Evolution of cis-regulatory motifs across 589 grass species. Preprint here: https://www.biorxiv.org/content/10.1101/2025.04.23.650228v2 Questions? Contact Charlie Hale (chale295 AT gmail DOT com)
This repo contains code to reproduce all analyses in the manuscript. Here's what each subdirectory contains:
00_prepExternalData: Downloads publicly available data from JASPAR (motif PWMs) and NCBI SRA (raw reads used for Megahit genome assemblies).
01_shortReadAssembly: Assembles genomes from short reads with Megahit. Pipeline is adapted from Schulz et al 2023: https://doi.org/10.1101/2023.09.19.558246
02_orthgroup: Reconstructs ancestral protein sequences using a representative set of high-quality assemblies spanning diverse grasses, then queries against all 589 assemblies to identify orthologous regions.

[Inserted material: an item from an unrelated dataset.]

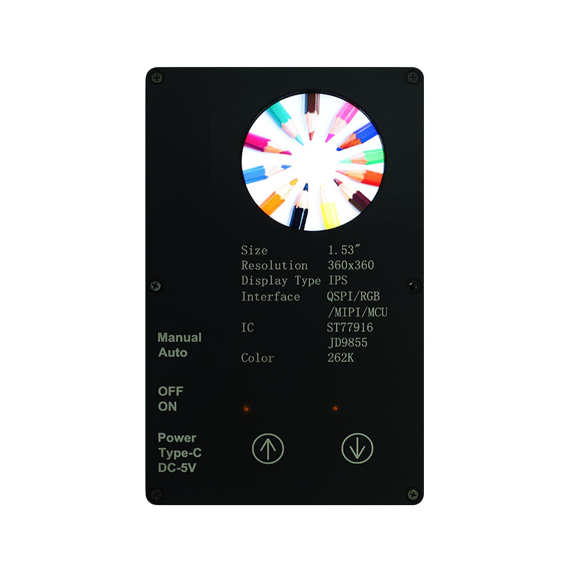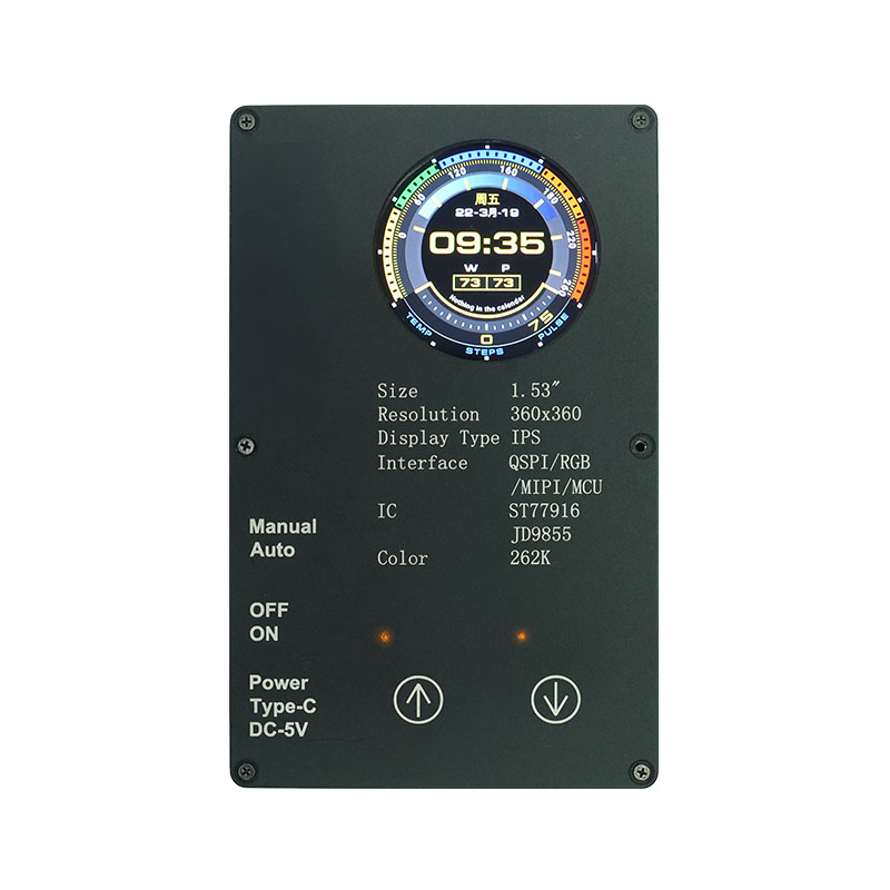यो कस्टम डिस्प्लेमा ३६०×३६० उच्च रिजोलुसन, सबै हेर्ने कोण, र ४०० cd/m² उच्च चमक रहेको छ। औद्योगिक-ग्रेड सञ्चालन तापमान दायरा (-20 ℃ ~ 70 ℃) संग, यसले माइट हटाउने यन्त्रहरू र जुसरहरू जस्ता स्मार्ट गृह अनुप्रयोगहरूमा स्पष्ट र स्थिर कार्यसम्पादन सुनिश्चित गर्दछ। QSPI इन्टरफेस र ST77916 ड्राइभ IC ले उच्च-गति डेटा स्थानान्तरण सक्षम पार्छ, जबकि यसको कम्प्याक्ट मोड्युल साइज (40.46×41.96×2.16mm) ले स्पेस दक्षतालाई अधिकतम बनाउँछ।

03_phyloTreeConstruction: Constructs species tree and phylogenetic kinship matrix.
04_motifScanning: Scans orthologous upstream sequences for JASPAR PWMs, the collapses similar motifs into single intervals and counts occurrences per 500bp upstream region. Note: the current iteration uses only the UMR-enriched motifs from 05, so 05 should actually be run first.
05_motifEnrichment: Calculates motif enrichment within unmethylated regions and accessible chromatin regions relative to shuffled background sequence.
06_featureOverlap: Calculates proportion of maize motifs overlapping known regulatory features (CNS, MOA-seq, scATAC-seq, ChIP-seq).
07_motifTurnover: Quantifies conservation of motif instances across species and runs GO enrichments.
08_envirotyping: Pulls occurrence data and associated environmental data and constructs environmental features.
09_associationModeling: Runs motif-environment association models across species, calculate GO enrichments for top orthogroups, then plots top candidates.